A contracted Schr{\"o}dinger equation (1,2-CSE) is derived for
the class of Hamiltonians without explicit interactions including
those from Hartree-Fock and density functional theories. With
cumulant reconstruction of the 2-particle reduced density matrix
(2-RDM) from the 1-RDM, the 1,2-CSE may be expressed solely in
terms of the 1-RDM. We prove that a 1-RDM satisfies the 1,2-CSE
if and only if it is an eigenstate of the $N$-particle
Schr{\"o}dinger equation. The 1,2-CSE is solved through the
development and implementation of a reduced, linear-scaling
analogue of the ordinary power method for finding matrix
eigenvalues. The power formula for updating the 1-RDM requires
fewer matrix operations than the gradient procedure derived by Li
et al. [Phys. Rev. B {\bf 47}, 10891 (1993)] and Daw [Phys. Rev.

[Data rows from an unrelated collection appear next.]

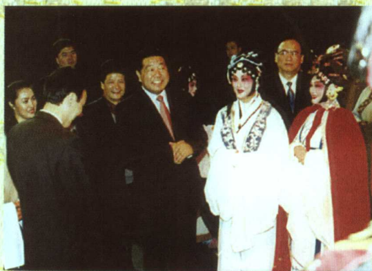
贾庆林同志视察《琵琶记》剧组
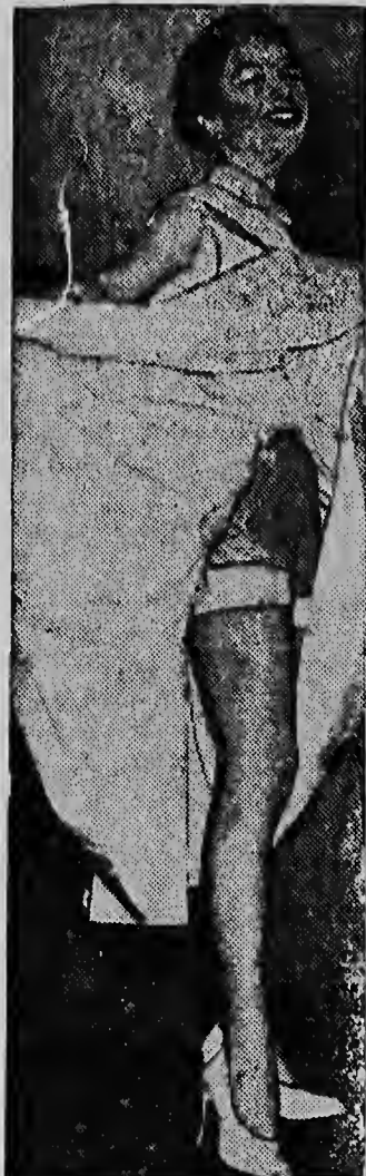
This three-piece beach ensemble, with a sleeveless blouse and a red and white striped yoke to match, was a feature of one of the top Paris fashion shows...
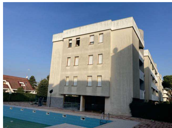
vista esterna fabbricato lato Sud
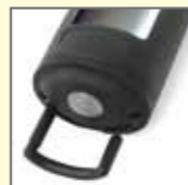
Auszieh- und drehbarer Befestigungshacken
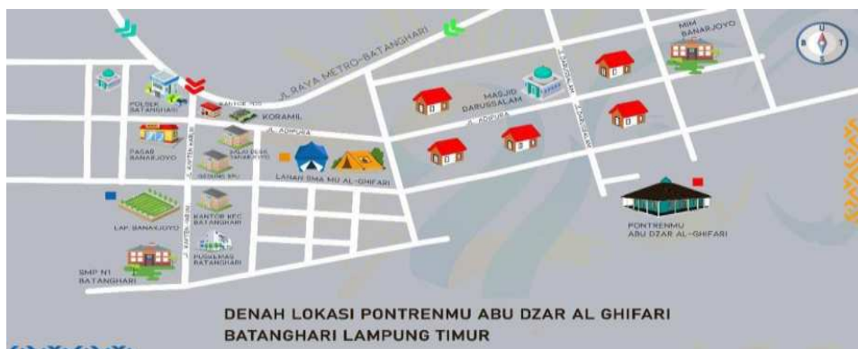
Gambar 2. Denah Lokasi Pondok Pesantren Muhammadiyah Abudzar Al-Ghifari Batanghari Lampung Timur 4

memiliki denah lokasi sendiri. Berikut di bawah ini merupakan denah lokasi Pondok Pesantren Muhammadiyah Abudzar Al-Ghifari Batanghari Lampung Timur pada Tahun Ajaran 2024/2025.
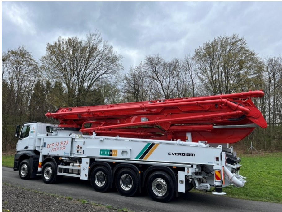
Poza cu titlu orientativ

Pompa de beton Hyundai Everdigm ECP51RZ cu brat in 5 elemente deschidere in RZ, de 51m, noua.
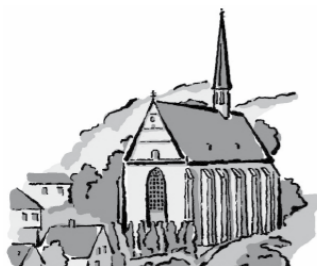
Beyenburger Freiheit 49
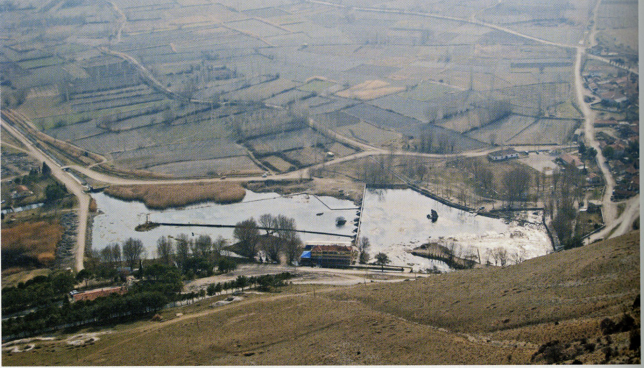
Res. 1 Işıklı gölünün Helenistik kentten görünümü.

olduklarını söylemiştir 7 . Alexander Severus'dan sonra bazı askerler aşırı banyo yapma alışkanlıkları nedeniyle orduda isyan başlatmışlardır. Suriye lejyonlarından sorumlu Avidius Cassius, askerlerin sürekli banyo yapma isteklerine karşı banyo kurallarını yeniden düzenleyerek sınırlamalar getirmiştir 8 . Bir yazıtta askeri hamamların onarım ve korunmasından imparatorlar ve subayların sorumlu olmasından bahsedilir 9 . Askeri hamamlar Anadolu'da olduğu gibi Kuzey Avrupa'da Roma'nın egemen olduğu bölgelerde (İngiltere, Almanya) izlenebilmektedir. Kuzey Avrupa'da inşa edilen hamamların hangisinin sivil amaçlı hangisinin askeri amaçlı olduğu rahatlıkla anlaşılabilir. Çünkü askeri hamamlar diğer askeri ve sivil yapılardan daha iyi korunmuş durumdadır ve Kuzey Avrupa'da Anadolu'da olduğu gibi Hellenistik mimari anlayışı yoktur 10 . Askeri hamamlar M.S. 1. yy.da yarı simetrik ve halka plan tipinde inşa edilmişlerdir. Aksial simetrik plan Cladiuslar Dönemi'nde uygulanmış, bu fonksiyonlu plan tipi yeni kentlere ve büyük kentlerde yayılım göstermiştir 11 . Askeri hamamlar, sivil hamamlar gibi karmaşık olarak düzenlenmezdi. M.S. 1 ve 2. yy.da apoditerium (soyunma odası), sudatorium (terleme odası) 12 , caldarium (sıcak yıkanma odası) yapılmış, M.S. 3. yy.dan itibaren de frigidarium (soğuk yıkanma odası) eklenmiştir. Kent hamamlarında yaygın olarak kullanılan palaestra (fiziksel egzersiz alanı) askeri hamamlarda nadiren yapılırdı 13 . Bu hamamları, subaylar
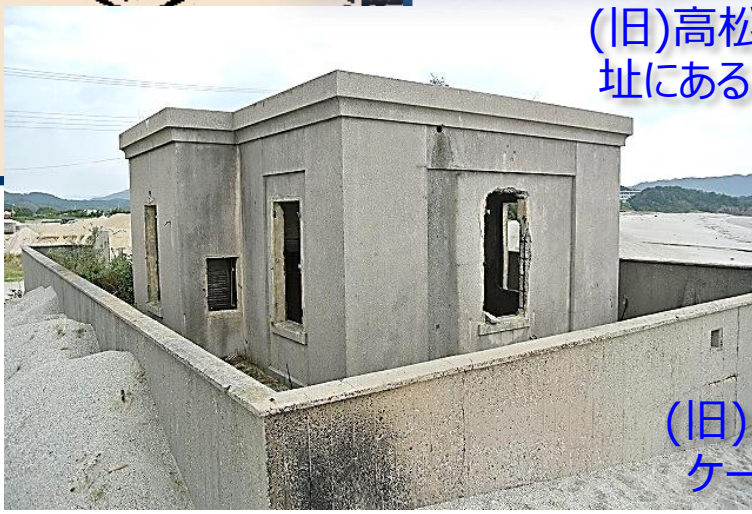
(旧)阿万浦 海底 ケーブル陸揚室
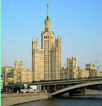
Высотное здание на Котельничес кой набережной
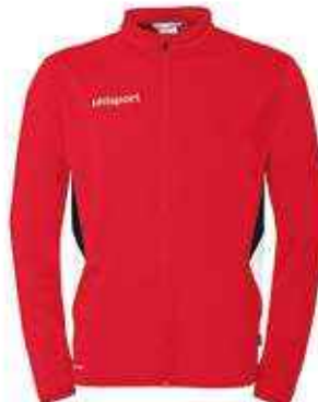
Veste Classic Réf. 1002373
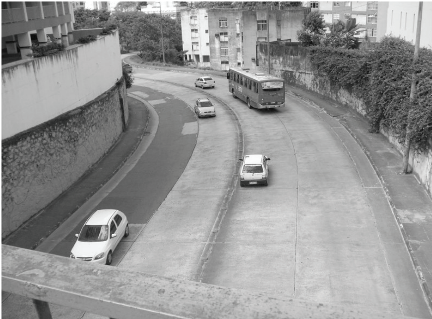
Figura 5 VIADUTO DO LARGO DA GRAÇA, SALVADOR-BA

Na Figura 5, a Praça Dr. Paterson “rasgada” pelo viaduto escavado para ligar o bairro da Graça ao Vale do Canela, o que tornou a pequena praça ainda menor. Até quando será mantida e fora do alcance da especulação imobiliária? Fica a questão.
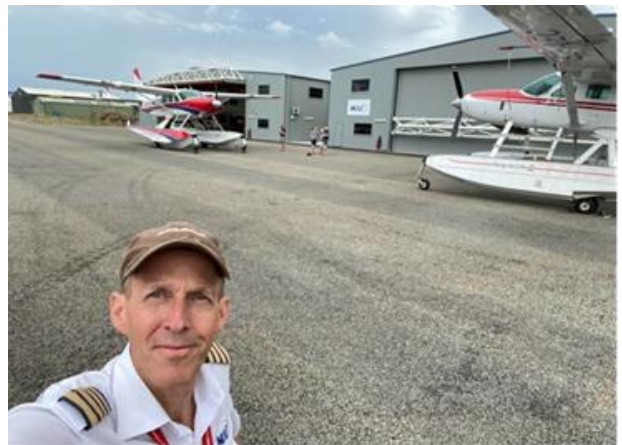
De twee amfibische Cessna Caravans voor de hangaar in Mareeba (Oost-Australië).
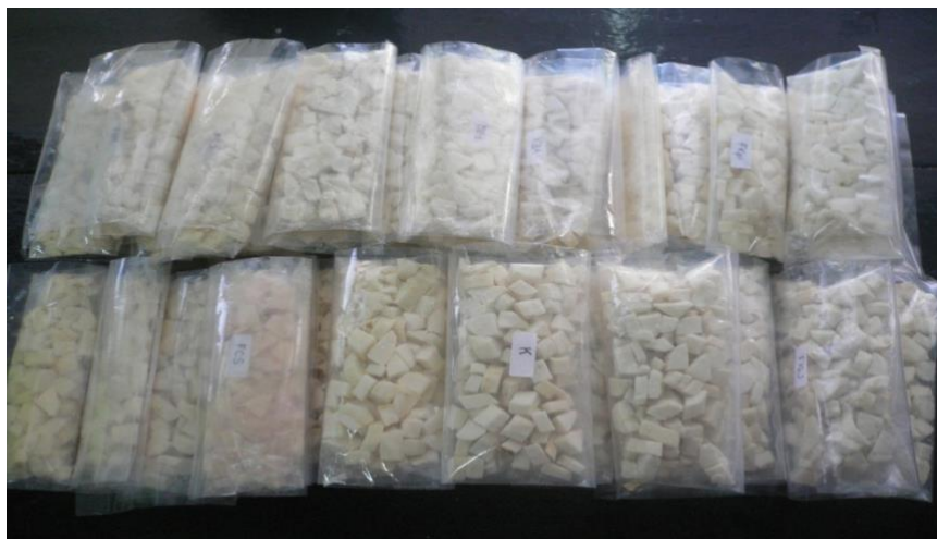
Gambar 2. Produk “Wikau Maombo” hasil fermentasi isolat mikroorganisme lokal

Produk “Wikau Maombo” berkualitas baik dari hasil fermentasi isolat bakteri yaitu produk FM , hasil fermentasi isolat kapang yaitu FKpC dan hasil fermentasi isolat khamir yaitu FHC.
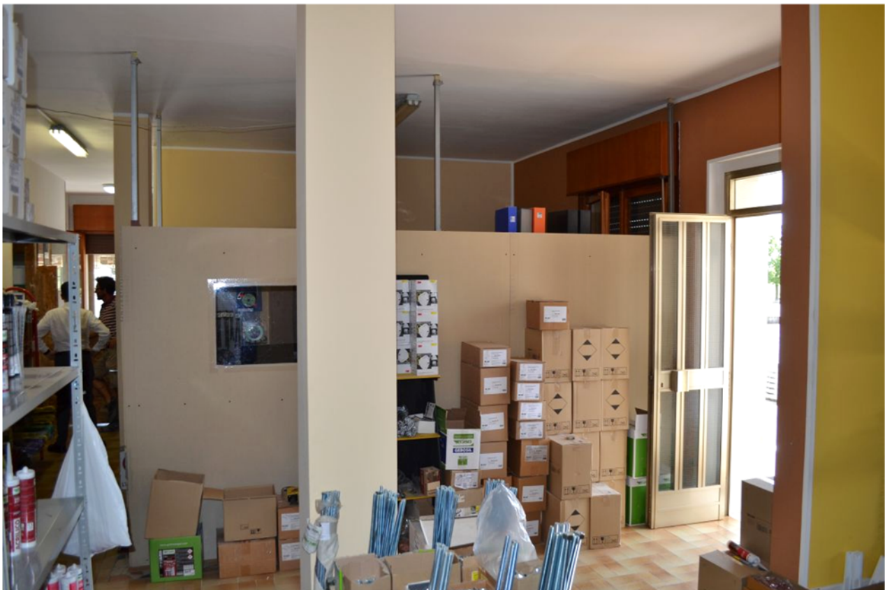
foto 2 – m.n. 93 sub 1 (negozio, ingresso-disbrigo) – La configurazione delle partizioni interne, nella parte di negozio compresa tra l'ingresso, la prima esposizione del negozio, l'ufficio n. 1 e il ripostiglio, si presenta difforme da quella deducibile in margine agli elaborati catastale e amministrativi, dove in luogo degli ultimi tre vani elencati si trova solo un unico ambiente denominato ufficio .

B {\bf 47}, 10895 (1993)]. Convergence of the contracted power
method with purification is illustrated with several molecules.
While providing a new tool for semi-empirical, Hartree-Fock, and
density functional calculations, the 1,2-CSE also represents an
initial step towards a linear-scaling algorithm for solving
higher CSEs which explicitly treat electron correlation.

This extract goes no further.